Beyond Relevance: Finding Evidence in a Fraction of the Time
Lighthouse goes beyond linear review to help a global technology company make its case to the IRS.
Download the case studyKey Actions
- Targeting critical case documents with Key Document Identification rather than performing linear review on the whole document set.
- Identifying key events that took place within specific hours, by applying advanced linguistic modelling to overcome challenges presented by multiple time zones and different time stamp formats within email traffic.
Key Results
- 1.5 million total documents reduced to roughly 37,500.
- Results in 100-500% less time and at 90-240% lower cost than linear review.
Building a Case for Tax-Exempt Lunches
A global technology company was facing IRS scrutiny over the complementary lunches the company provided to staff. Full-time workers were comped the meals because, the company claimed, staff were required to respond to emergencies during lunch hours. The IRS was dubious of that claim and inclined to consider the lunches a taxable benefit.
To prevent the meals from being taxed, the company needed to demonstrate to the IRS that, over a two-year period, at least 50% of employees at its San Francisco office had in fact responded to an emergency between the hours of 11 a.m. and 2 p.m. local time. For evidence, the company had 1.5 million documents—mostly emails—pertaining to about 1,000 employees.
The company reached out to Lighthouse for help finding the best case-building documents within those 1.5 million. Lighthouse offered its Key Document Identification service. Rather than prioritize documents for linear review, the Lighthouse team promised to identify the most valuable and evidential documents—and do so in less time and at a lower cost.
Hacking Through the Haystack
The Lighthouse team eliminated less-valuable documents in stages. First, they used an advanced algorithm to remove junk and duplicative documents, reducing the document set to 943,000 (a 38% reduction). Among those, the team targeted San Francisco employee names and emails, which brought the total down to 484,000 (an additional 49% reduction).

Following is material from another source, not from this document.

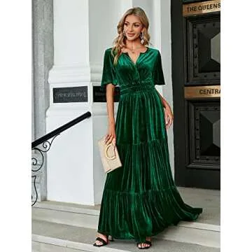 Amegoya Women's Velvet Short Sleeve V Neck Maxi Dress for Weddings & Parties
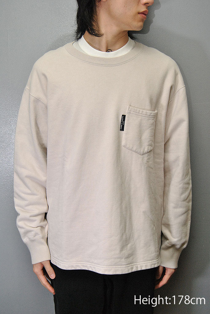 胸にピスネームとポケット付きで裾リブなしのロンTシルエット。サイドはスリットになっています。

From here, the team employed nuanced, multi-layered linguistic search techniques to zero in on the most necessary and informative documents. Along the way, Lighthouse encountered a number of challenges that would have thwarted other search tools and teams.
One of these was the knot of different time stamps attached to emails: the last in time email in every thread was converted to Coordinated Universal Time (UTC), while every previous email in the thread was stamped according to the local time zone of the sender. The Lighthouse team circumvented this by searching the emails’ metadata, which converted all times to UTC. Using this metadata, the team was able to search using a single timeframe (6 to 9 p.m. UTC, corresponding with 11 a.m. to 2 p.m. Pacific).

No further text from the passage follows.